Upon arrival, new boys Chase and Fussey, like so many before them, marvelled at the diminished nature of the arena, before showing the selection committee their prowess with bat and ball respectively in the warmup. Opposition Binley Woods seemed to find it hilarious that there was a 15 year gap between our oldest player and their youngest, and once the game was underway it would become clear that the young guns were far superior.
James Fussey’s over beat the bat several times, and a runout was found after some sharp work from The Moose™ turned a dropped catch into a neat piece of fielding. Two more wickets fell in the next two overs, details escape me but a nice catch off the back wall from Joe Chattle found the fourth. The fifth wicket caused a slight break in proceedings, in order for Binley to argue with the umpire and our skipper over the legitimacy of the catch. James Fussey steamed in and bowled a good ball which was clipped off the pads by the Binley bat (who looked surprisingly like Abdul from spicy bites), before crashing into the netted wall at midwicket and into the hands of the otherwise TFC’d Clobber. The controversy behind the catch, however, is that the fortunate bounce was not true to the netting, but was warped by a bench just outside it and as a result popped up fairly nicely. Get on with it, whoppers. 47 A.O.

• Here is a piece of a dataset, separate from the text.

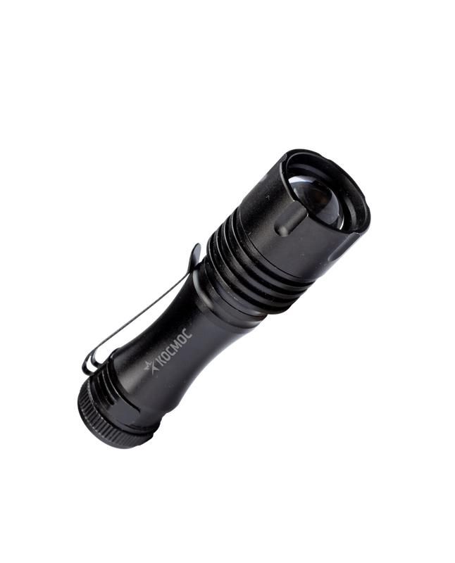 Фонарь ручной 1Вт LED/с линзой/с зумом/1xAA/корпус алюминий/зажим для крепления, КОСМОС - KOS105B
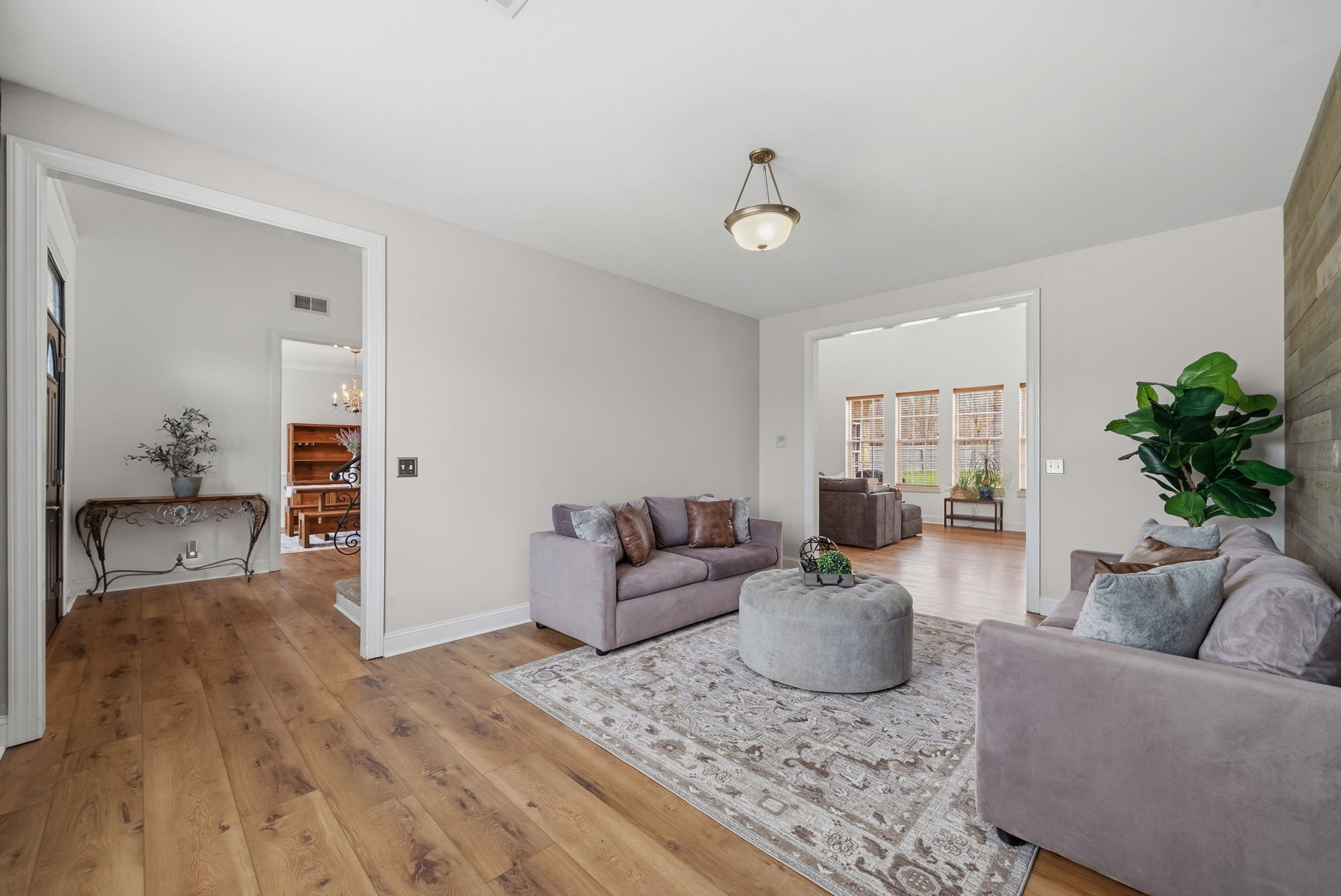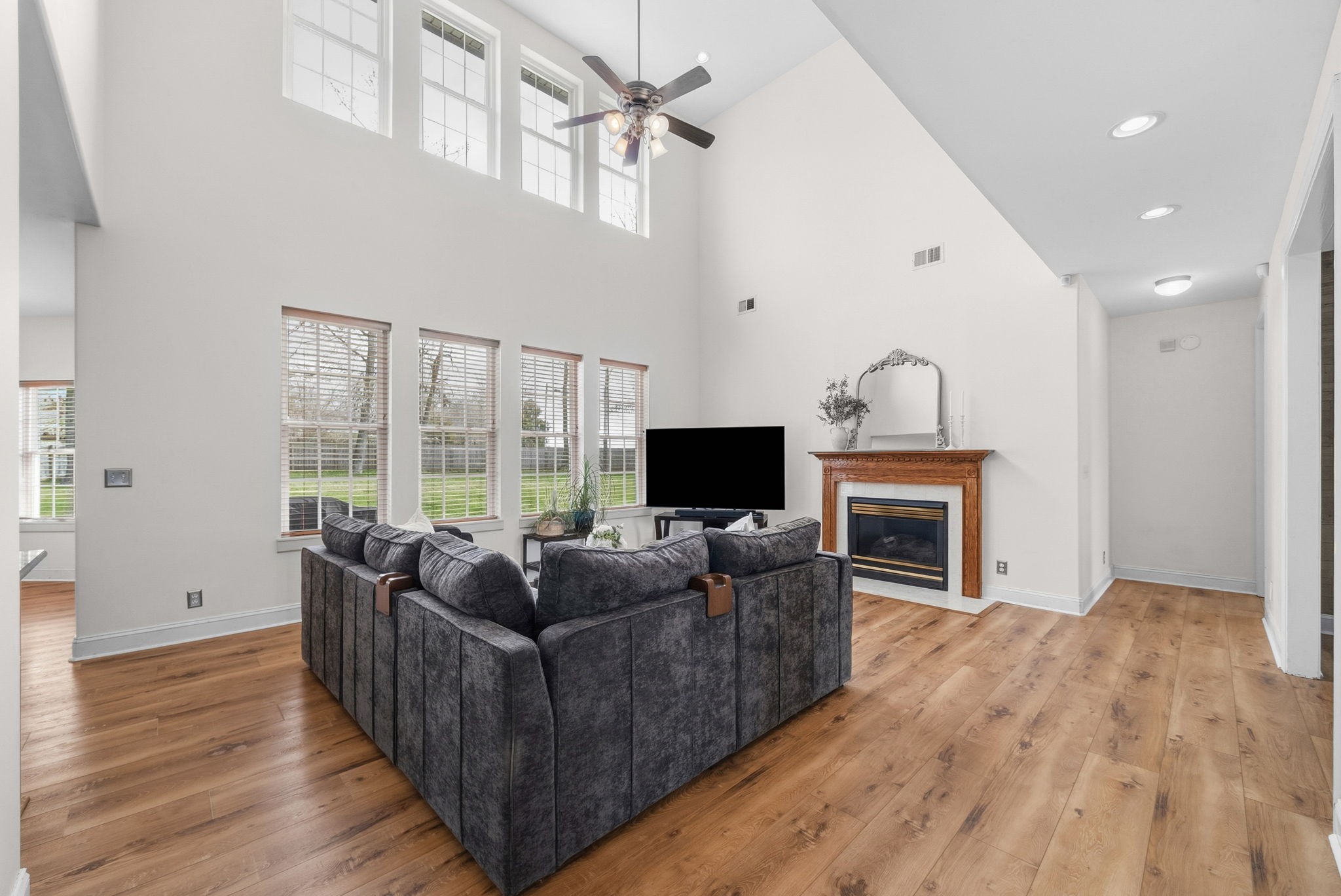 Welcome Home to Sheffield Woods! This spacious executive home offers a rare, oversized, 3/4 acres lot in the heart of Sango with a layout that feels both comfortable and inviting from the moment you walk through the door. The foyer opens into a formal dining room and leads you into a bright living area with soaring ceilings and beautiful natural light that fills the space. The kitchen features a gas range, double ovens, a large bay window and an eat-in area that makes the perfect spot for morning coffee or casual meals. The flow between the kitchen and living area makes everyday living easy and gives you plenty of space for entertaining friends and family. The laundry room is roomy with a utility sink and the washer and dryer convey with the home. The primary suite is conveniently located on the main floor and offers double closets along with a custom bathroom designed for comfort and functionality. The generous floor plan throughout the home provides flexibility for both everyday life and hosting gatherings. Plus, there is a large unfinished space above the garage that is great for storage and the possibility to finish out for even more living space. Outside, you'll find a large, level fenced backyard with plenty of room for entertaining, gardening, pets, or simply enjoying your own private outdoor space. Located in the desirable Sheffield Woods community, this home offers convenient access to schools, shopping, dining, parks, and I-24 for an easy commute to Nashville.

The UWMCC chase was particularly straightforward, with the most interesting anecdote I can provide about it being Joe Chapple’s innings, 3,1,3,1,3,1,3,1,3. Ferdinand got out, replaced by Ed Cooper with 10 to win (any of giving Chase a bat??) As we got into the minibus on the way back, our prayers were answered with an Ed Cooper Technical Stall™, and after a swift journey home a great bargain in Tesco’s, as Cooper earned himself a cut-price Chicken and Bacon wrap as the bint couldn’t find the right button on the till.